長さ数nmの棒状の分子が同じ方向に並んだネマチック液晶は、分子の長軸方向と短軸方向で光の屈折率や誘電率が異なる「異方性」という性質を有する。この異方性を利用して物質の光学的性質を電気的に変化させることができるが、既存の技術を超えて液晶材料をさらに新しい用途へ応用するには、分子を微細な領域で精密に並べることが必要となる。

これまでの研究で、電圧を加えるだけで多数のトポロジカル欠陥を規則正しく配置させ、分子をピクセル状に並べる方法が発見されていたが、使用できる液晶化合物の種類に制限がある、電圧を切ると構造が崩れてしまうといった欠点もあった。

今回、同研究グループは、一段階目のテンプレートとして、ピクセル状の液晶分子配列を電気的に作成し、その中に高分子ネットワークを埋め込み構造を安定化することで、電圧を加えなくても構造を維持できることを実証した。

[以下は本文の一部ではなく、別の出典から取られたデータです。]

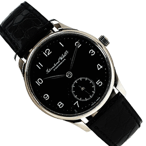 DESCRIPTION: Stainless steel case (35mm), crocodile glossy black leather strap, black dial with white arabic numerals, seconds subdial at 6:00, 36 jewel automatic movement, 38 hour power reserve, sapphire crystal, water resistant to 30 meters. Swiss made.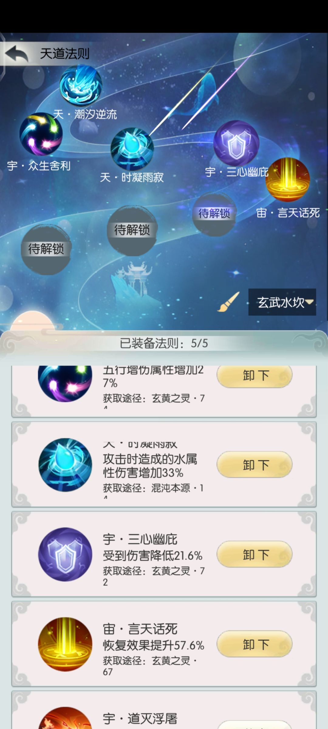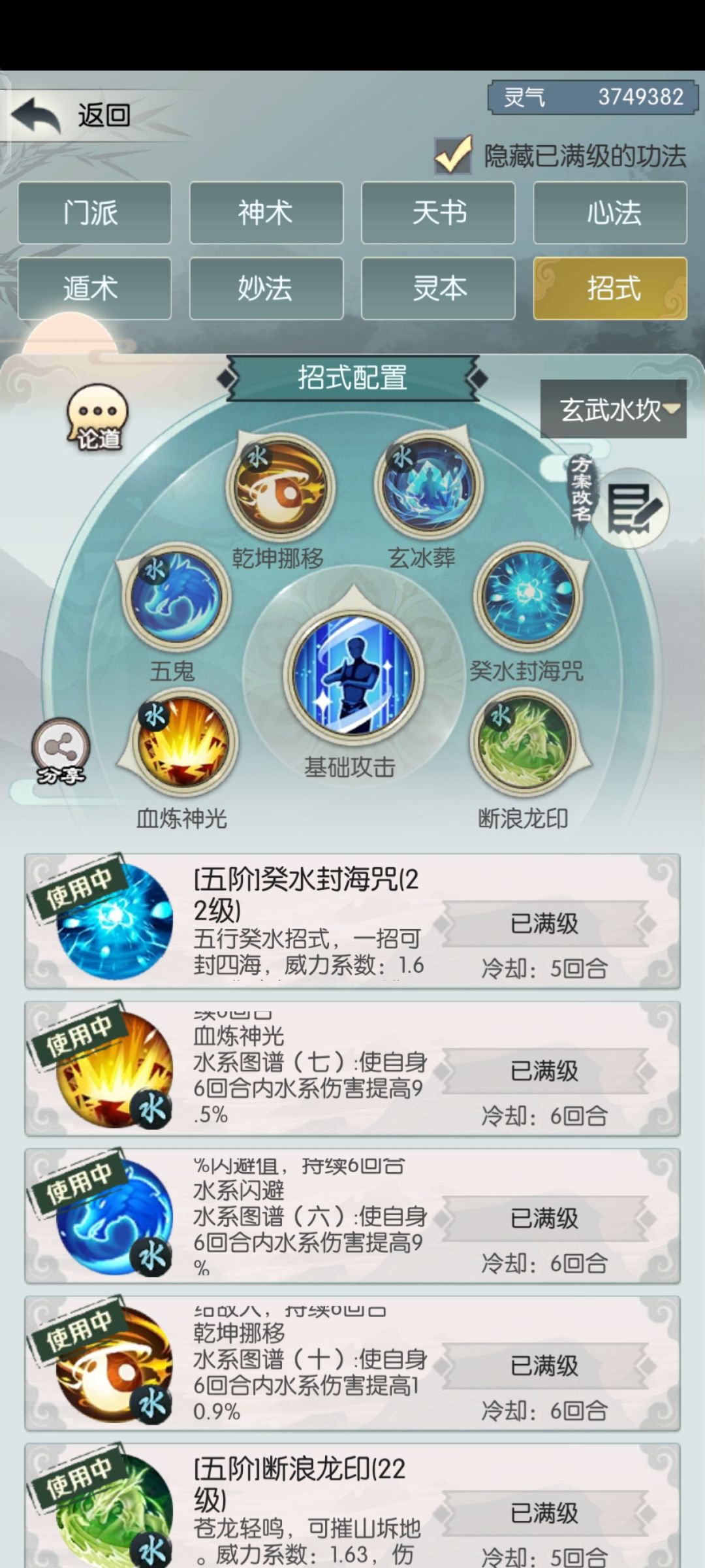 本体技能:血炼神光-五鬼迷踪诀-乾坤挪移(神垕)-玄冰葬(无间)-癸水封海咒-断浪龙印(凤鸣)
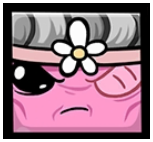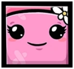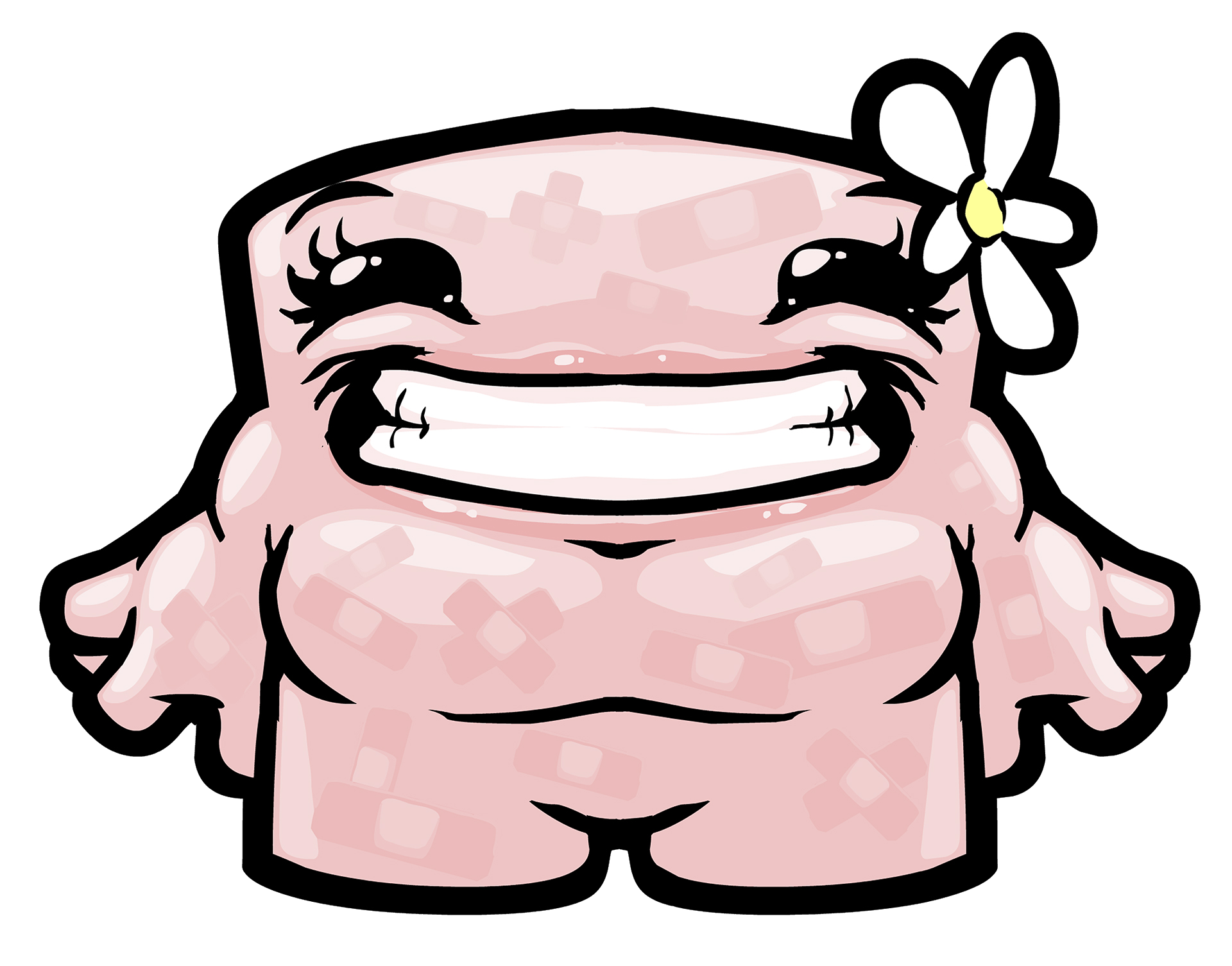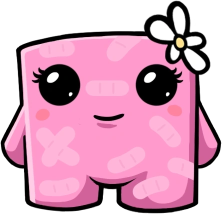 Bandage Girl appears to be composed mostly, if not entirely, of pink adhesive bandages, taking up a cube-like shape with stubby arms and legs. Her hands have four fingers each. She has eyelashes, and usually wears a flower with white petals on her head, likely a daisy. This flower was given to her by Meat Boy when they first met. She is slightly smaller than Meat Boy.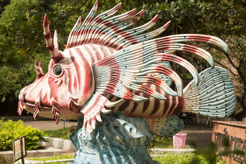Статуя рыбы-бабочки в парке возле аквапарка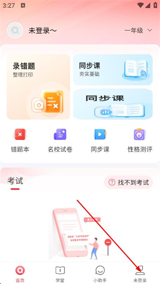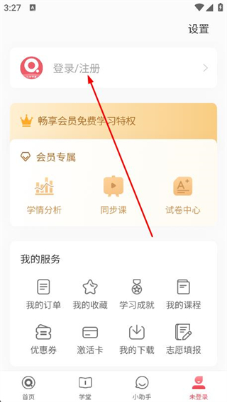 1、打開七天學堂,點擊底部導航欄未登錄選項。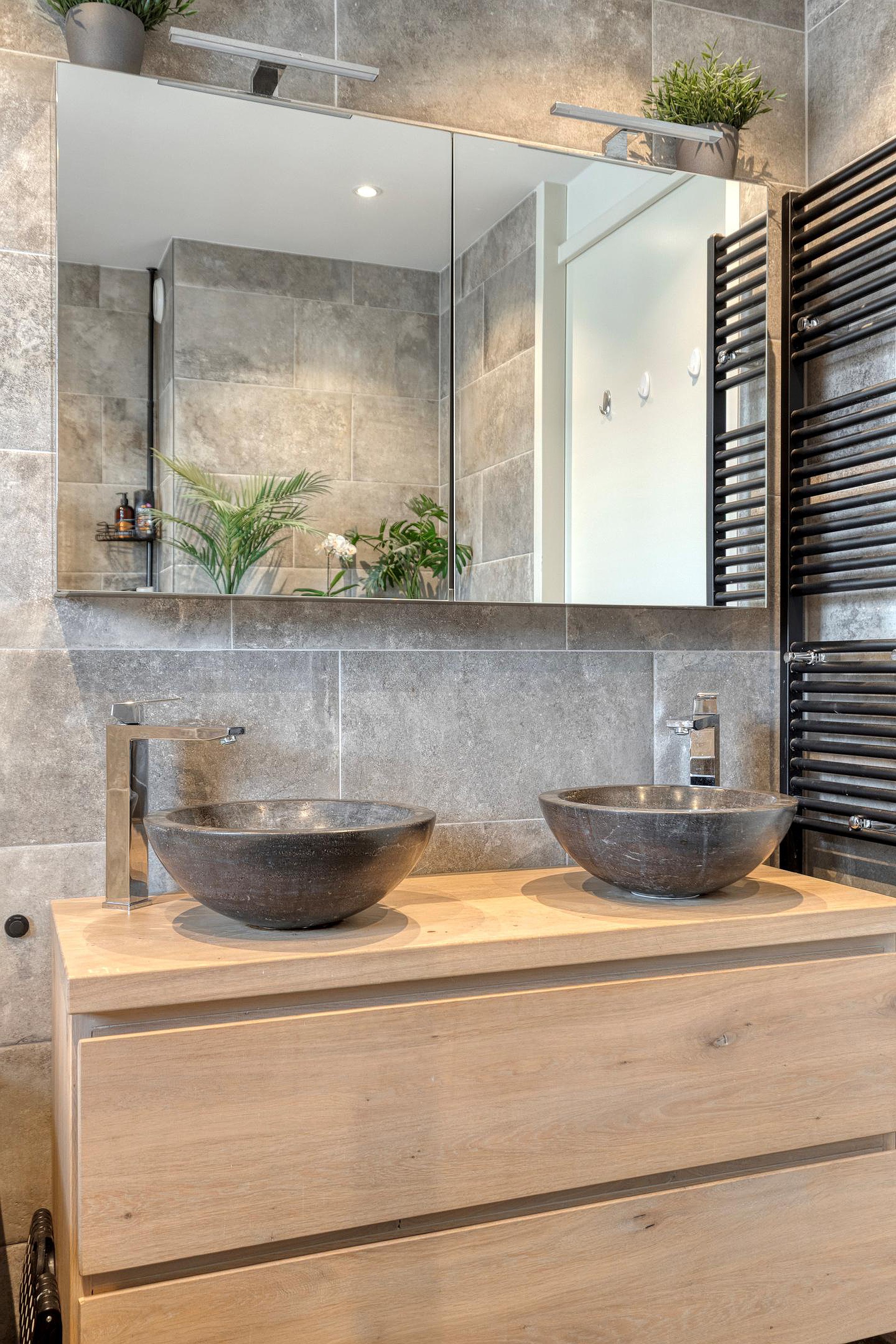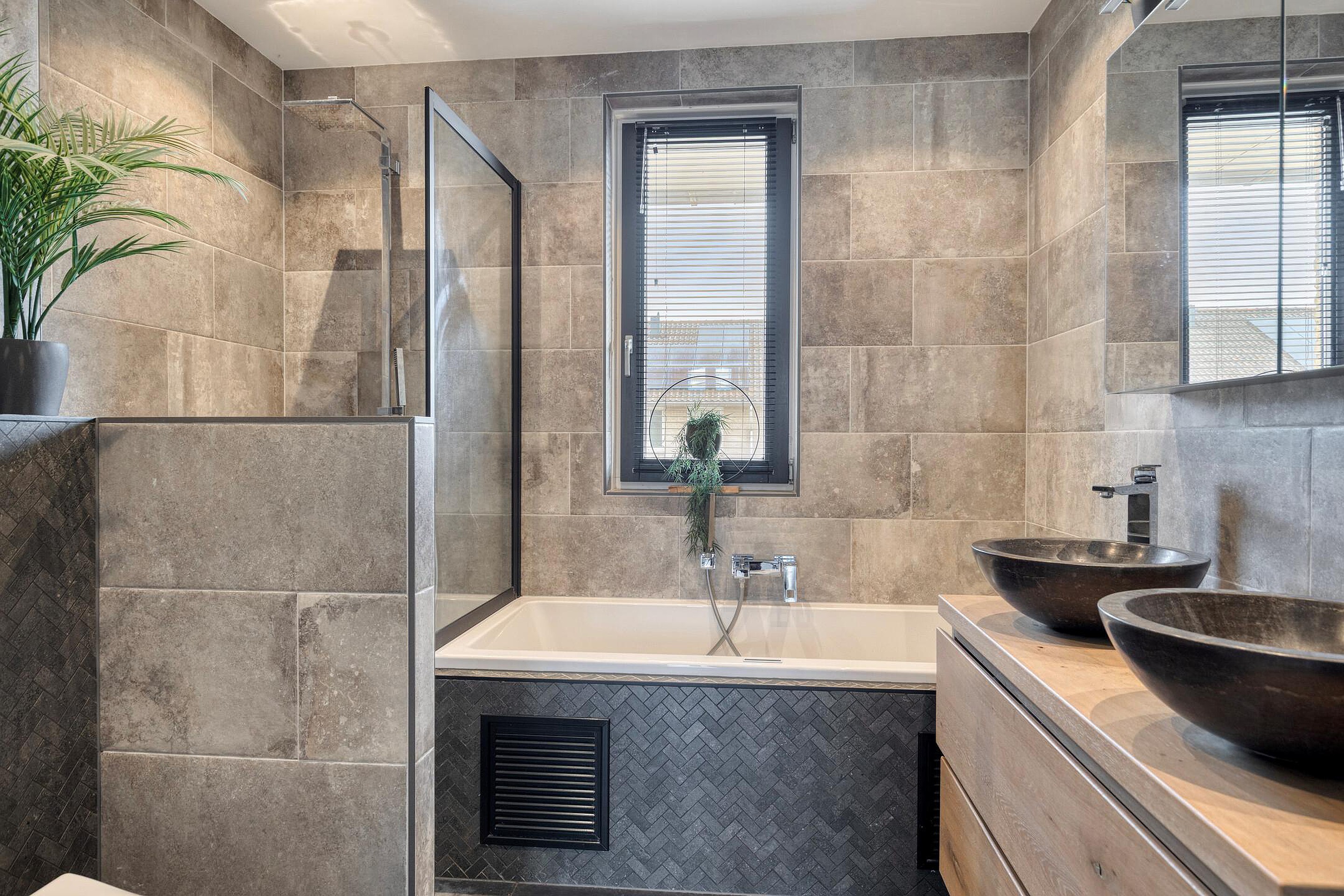 1e verdieping: overloop, 3 ruime slaapkamers, een nieuwe moderne badkamer met een inloopdouche, bubbelbad, dubbel wastafelmeubel en 2e toilet.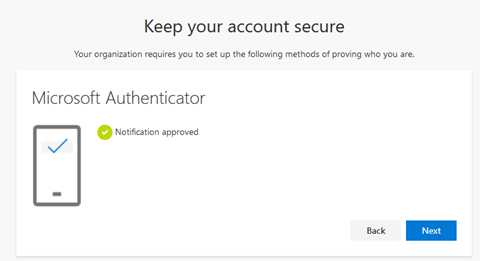 Once pointed at the QR code, your phone should scan it automatically and display ‘Account added successfully’. At this point you should see a Sumivector account in the list in your Microsoft Authenticator app. Back in your browser, click ‘Next’ and Microsoft will send a test authentication notification to your device through the app.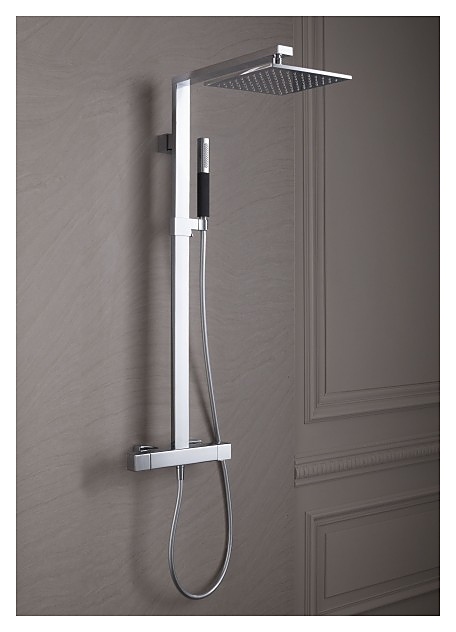 Душевая стойка Jacob Delafon STRAYT E98321-CP используется в ванных комнатах. Модель оснащена прямоугольной лейкой и квадратным верхним душем, нескручивающимся гибким прочным шлангом с системой ANTI-TWIST, переключателем режимов на ручке контроля расхода воды и однорычажным термостатическим смесителем. Стойка крепится к стене. Особенности: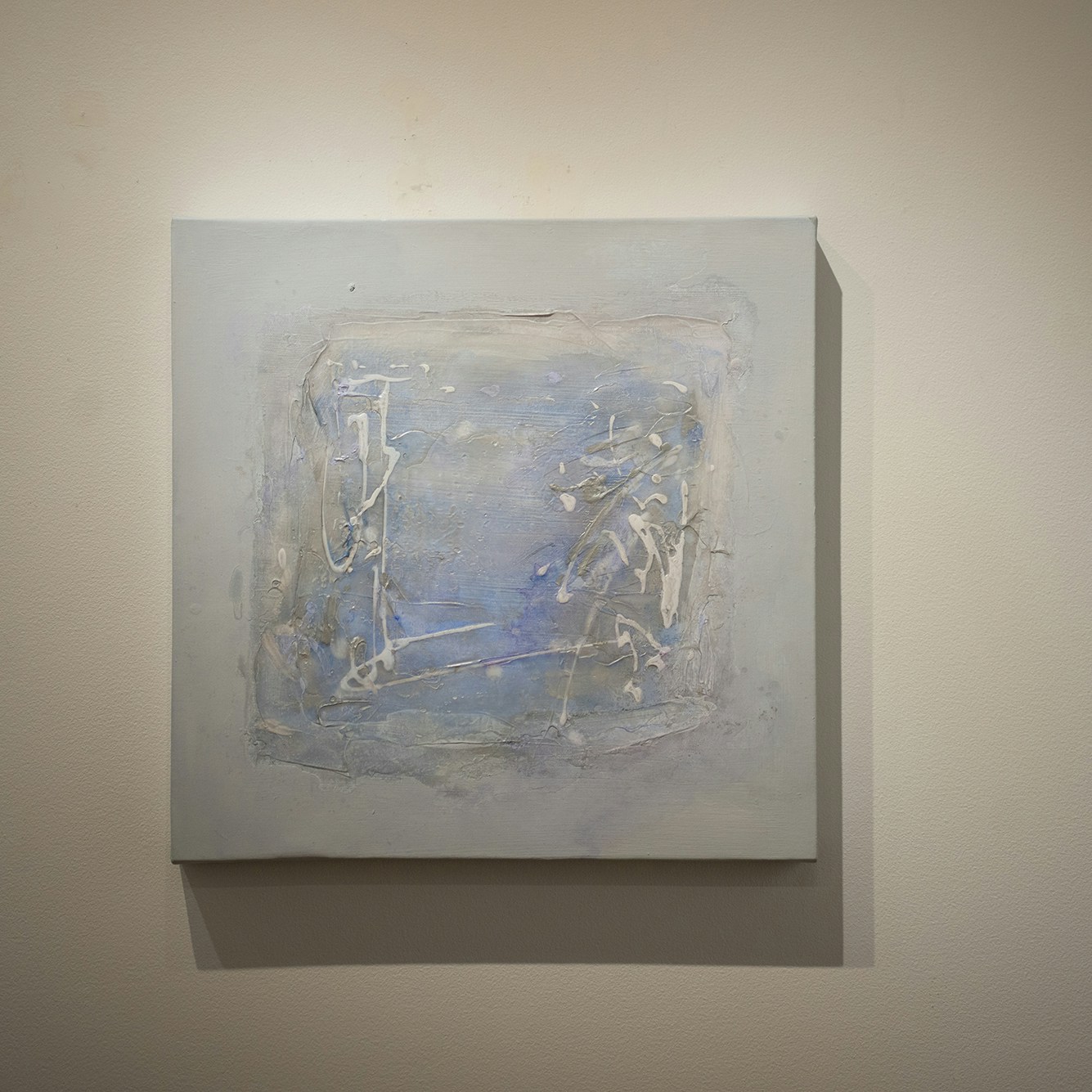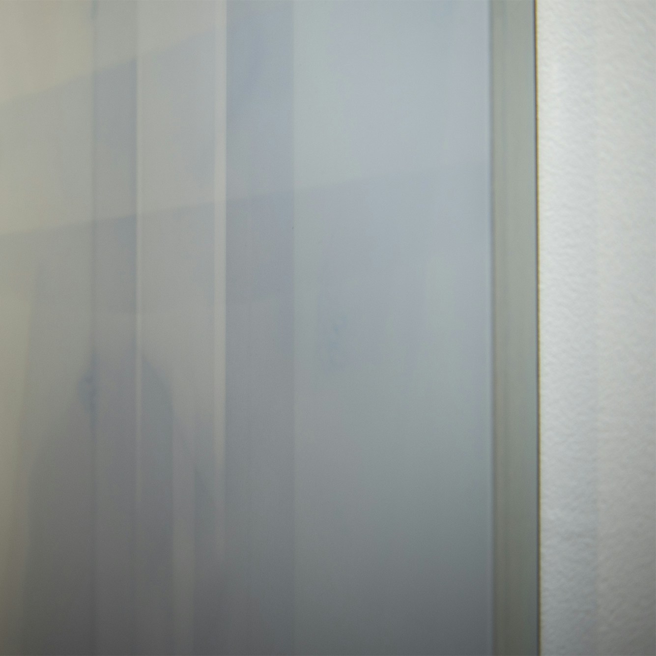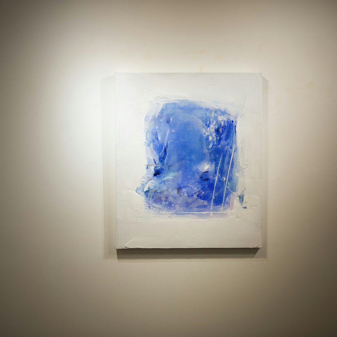 一見すると寒色系のグラデーションで構成された美しい画面。じっと見つめ、自分の目が作品のどのレイヤーを捉えているのかを探るうちに、目がどんどんと引き込まれていくような効果が和田の作品に生まれていることに気づかされるはずだ。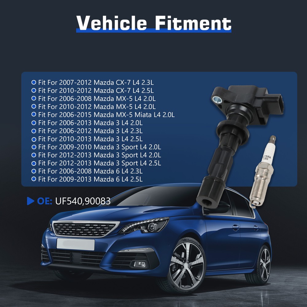Just installed these ignition coils and iridium spark plugs in my Mazda 3, and the difference is amazing! The engine runs smoother, starts quicker, and feels more responsive. The parts fit perfectly, and the fast shipping was a nice bonus. Great quality at a fair price—highly recommend for anyone looking to upgrade their Mazda’s performance!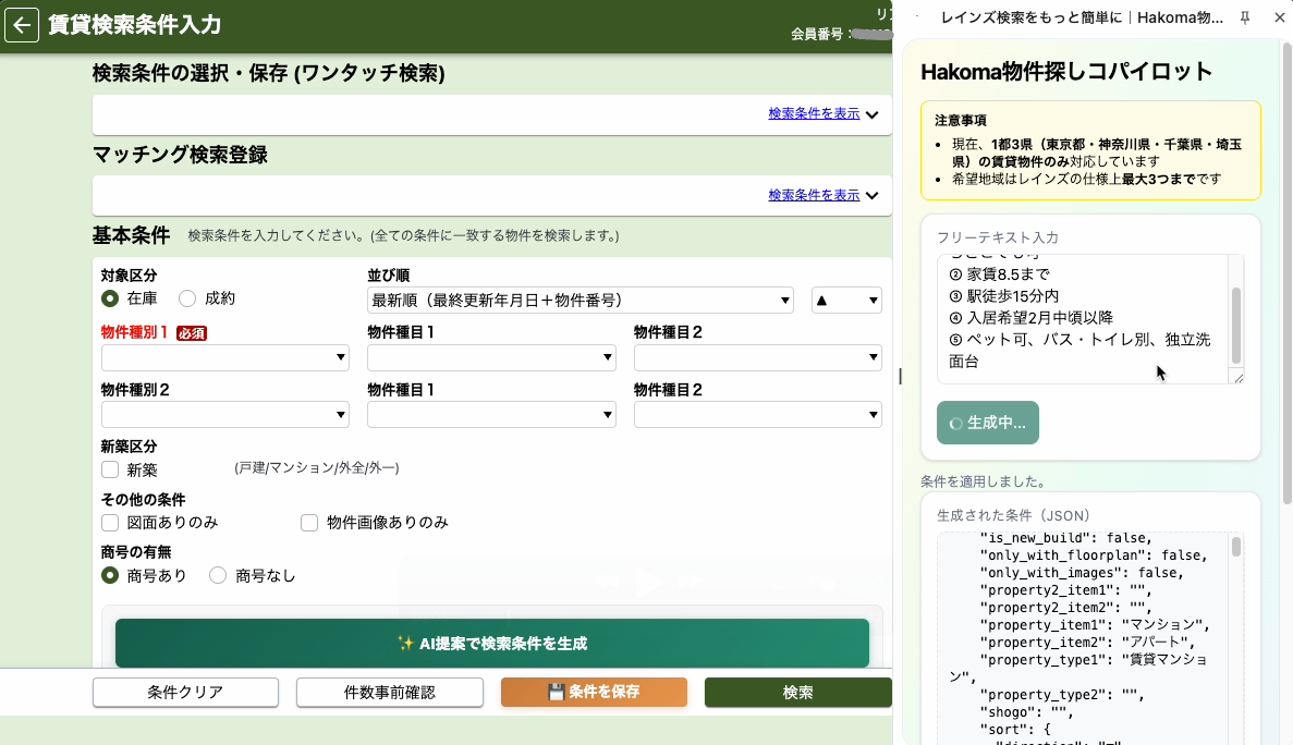 AIがREINS検索を自動化するChrome拡張「Hakoma物件探しコパイロット」β版を無料公開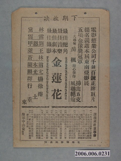 本件保存良好,雙面彩色印刷,為平岡奇俠電影本事。

A:用いた化合物 B-D:紫外線照射によるピクセル状構造の高分子安定化。光を当てることでピンク色のモノマー同士を重合することで高分子ネットワークを形成する。このネットワークが骨組みの役割を果たし、電圧を加えなくても安定的な構造を保持することが可能となる (出所:北大Webサイト)

続いて、二段階目のテンプレートとして、埋め込んだネットワークを骨組みに用いた。周囲を異なる種類の液晶分子で入れ替えたところ、新たに埋め込まれた分子も電気や温度によって光学物性を制御できることを示した。したがって、二段階にわたって分子をテンプレート化することによって、ピクセル状のパターン構造が任意の液晶材料で作成できたものといえる。

試料セルを液晶に直接浸し、ネットワーク内の分子を置き換えた様子。Aでグリーンで表された分子がEではブルーの分子に置き換わる (出所:北大Webサイト)

今後は、より高濃度なネットワークで安定化することによってフィルム状にし、温度や光などで変形・伸縮可能な光学材料へと繋げていきたい考えだ。